Patient #2 is a 63-year-old male patient who had undergone LVAD implantation (HeartWare^®-HVAD, Medtronic) for ischemic end-stage heart failure with severely reduced left ventricular ejection fraction (LVEF 15%) in 2020 due to large anterior acute ST-elevation myocardial infarction. A half year later, the patient was readmitted emergently with recurrent low LVAD flow alarms. LVAD thrombosis was suspected through HVAD logfile readouts (low flow, power spikes) and when “third-harmony” (rotor vibrates with a frequency three times the rotational speed of the pump) occurred in the logfile, which is an established bioacoustics parameter suspecting impeller imbalance. [¹⁸F]GP1 PET/CT was performed to rule out thrombosis of the LVAD system components.
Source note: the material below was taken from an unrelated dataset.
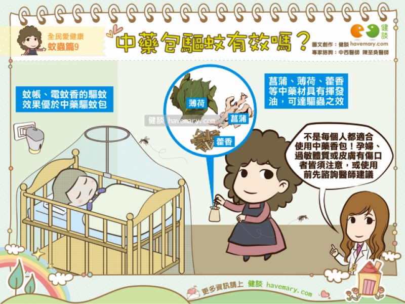 天氣越來越熱,蚊蟲也漸漸多了起來,除了化學的殺蟲劑、蚊香外,網路盛傳的中藥包驅蚊真的是天然又有效嗎?中西醫師陳至奐醫師表示,菖蒲、薄荷、藿香等芳香藥物含有揮發油,蚊蟲大多不喜歡這些氣味,但驅蚊的效果可能不如化學精油;此外,孕婦及過敏體質者亦不適合使用中藥包驅蚊,以免辛香藥造成身體不適。

[¹⁸F]GP1 PET/CT visualized activity accumulation near and around the inflow cannula of the LVAD as well as in the area of the outflow graft (Figure 2). With the diagnosis of HVAD thrombosis confirmed, systemic lysis therapy with t-PA was successfully applied under close vital sign monitoring on the intensive-care unit. Eventually, the patient could be discharged with normalized LVAD function parameters (flow, power and pulsatility indices). With the clinical example in this report, we show that [¹⁸F]GP1 PET/CT can visualize even smaller regions of active platelet aggregation.

2.4. In Vitro Experiments

Prosthetic valve dysfunction may be provoked by reduced leaflet motion or impaired leaflet coaptation. Four main etiologies with different clinical implications may account for prosthetic valve hemodynamic deterioration: (1) thrombosis, (2) fibrotic pannus ingrowth, (3) structural degeneration and (4) prosthetic valve endocarditis with vegetation formation [8,23]. For further therapeutic decision-making it is important to differentiate clearly between these clinical entities which can be challenging in some instances. The association of coagulation with infective endocarditis has been well established. Increasing evidence indicates that many bacterial pathogens use similar mechanisms to mediate platelet activation. Initial adhesion of bacteria to platelets occurs either directly or, more commonly, through a plasma protein bridge with a platelet receptor, usually GPIIb/IIIa or GPIb [24].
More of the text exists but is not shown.